* [REQUIRED WORK]:
Exclude all pictures from your copy of the data below, which should otherwise match exactly.

* [DATA EXTRACT]:
=== Begin Enclosure ===

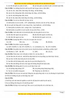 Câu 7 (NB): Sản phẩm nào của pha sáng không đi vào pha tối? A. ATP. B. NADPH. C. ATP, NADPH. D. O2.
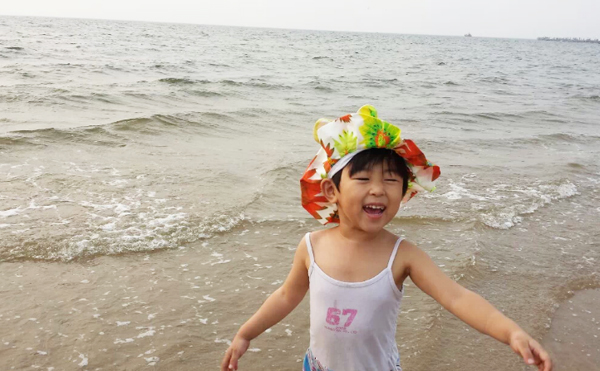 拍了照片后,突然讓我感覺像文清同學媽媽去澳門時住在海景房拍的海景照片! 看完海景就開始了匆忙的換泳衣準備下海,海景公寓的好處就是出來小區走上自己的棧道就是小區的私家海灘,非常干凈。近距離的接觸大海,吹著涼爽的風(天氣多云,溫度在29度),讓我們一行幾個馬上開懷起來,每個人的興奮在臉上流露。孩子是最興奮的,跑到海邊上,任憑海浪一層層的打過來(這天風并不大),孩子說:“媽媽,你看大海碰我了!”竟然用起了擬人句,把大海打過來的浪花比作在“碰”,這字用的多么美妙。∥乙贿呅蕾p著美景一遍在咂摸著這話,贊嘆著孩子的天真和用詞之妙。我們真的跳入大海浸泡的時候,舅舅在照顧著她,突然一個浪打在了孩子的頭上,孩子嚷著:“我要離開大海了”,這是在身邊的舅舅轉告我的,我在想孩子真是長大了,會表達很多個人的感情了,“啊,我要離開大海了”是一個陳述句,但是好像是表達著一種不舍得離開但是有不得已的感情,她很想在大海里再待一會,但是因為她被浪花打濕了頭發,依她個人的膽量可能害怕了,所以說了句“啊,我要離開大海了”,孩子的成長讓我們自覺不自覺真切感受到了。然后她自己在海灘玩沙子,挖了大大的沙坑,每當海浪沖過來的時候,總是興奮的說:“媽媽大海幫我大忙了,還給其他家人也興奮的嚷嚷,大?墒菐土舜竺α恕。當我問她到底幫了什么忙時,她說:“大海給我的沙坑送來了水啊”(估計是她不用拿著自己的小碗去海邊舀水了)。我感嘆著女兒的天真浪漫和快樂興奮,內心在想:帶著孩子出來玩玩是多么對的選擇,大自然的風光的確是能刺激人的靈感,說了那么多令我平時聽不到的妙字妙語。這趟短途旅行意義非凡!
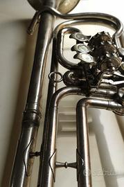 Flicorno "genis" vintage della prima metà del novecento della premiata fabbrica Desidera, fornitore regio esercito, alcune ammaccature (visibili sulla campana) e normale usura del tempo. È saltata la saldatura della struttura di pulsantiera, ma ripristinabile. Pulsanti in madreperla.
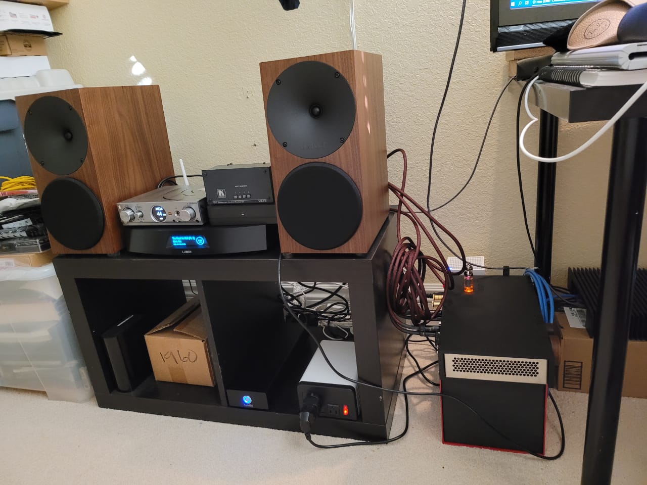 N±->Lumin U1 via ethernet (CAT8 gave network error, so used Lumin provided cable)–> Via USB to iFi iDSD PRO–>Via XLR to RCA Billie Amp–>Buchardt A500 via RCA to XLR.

=== End Enclosure ===

* [TASK SOLUTION]:
 Câu 7 (NB): Sản phẩm nào của pha sáng không đi vào pha tối? A. ATP. B. NADPH. C. ATP, NADPH. D. O2.
 拍了照片后,突然讓我感覺像文清同學媽媽去澳門時住在海景房拍的海景照片! 看完海景就開始了匆忙的換泳衣準備下海,海景公寓的好處就是出來小區走上自己的棧道就是小區的私家海灘,非常干凈。近距離的接觸大海,吹著涼爽的風(天氣多云,溫度在29度),讓我們一行幾個馬上開懷起來,每個人的興奮在臉上流露。孩子是最興奮的,跑到海邊上,任憑海浪一層層的打過來(這天風并不大),孩子說:“媽媽,你看大海碰我了!”竟然用起了擬人句,把大海打過來的浪花比作在“碰”,這字用的多么美妙。∥乙贿呅蕾p著美景一遍在咂摸著這話,贊嘆著孩子的天真和用詞之妙。我們真的跳入大海浸泡的時候,舅舅在照顧著她,突然一個浪打在了孩子的頭上,孩子嚷著:“我要離開大海了”,這是在身邊的舅舅轉告我的,我在想孩子真是長大了,會表達很多個人的感情了,“啊,我要離開大海了”是一個陳述句,但是好像是表達著一種不舍得離開但是有不得已的感情,她很想在大海里再待一會,但是因為她被浪花打濕了頭發,依她個人的膽量可能害怕了,所以說了句“啊,我要離開大海了”,孩子的成長讓我們自覺不自覺真切感受到了。然后她自己在海灘玩沙子,挖了大大的沙坑,每當海浪沖過來的時候,總是興奮的說:“媽媽大海幫我大忙了,還給其他家人也興奮的嚷嚷,大?墒菐土舜竺α恕。當我問她到底幫了什么忙時,她說:“大海給我的沙坑送來了水啊”(估計是她不用拿著自己的小碗去海邊舀水了)。我感嘆著女兒的天真浪漫和快樂興奮,內心在想:帶著孩子出來玩玩是多么對的選擇,大自然的風光的確是能刺激人的靈感,說了那么多令我平時聽不到的妙字妙語。這趟短途旅行意義非凡!
 Flicorno "genis" vintage della prima metà del novecento della premiata fabbrica Desidera, fornitore regio esercito, alcune ammaccature (visibili sulla campana) e normale usura del tempo. È saltata la saldatura della struttura di pulsantiera, ma ripristinabile. Pulsanti in madreperla.
 N±->Lumin U1 via ethernet (CAT8 gave network error, so used Lumin provided cable)–> Via USB to iFi iDSD PRO–>Via XLR to RCA Billie Amp–>Buchardt A500 via RCA to XLR.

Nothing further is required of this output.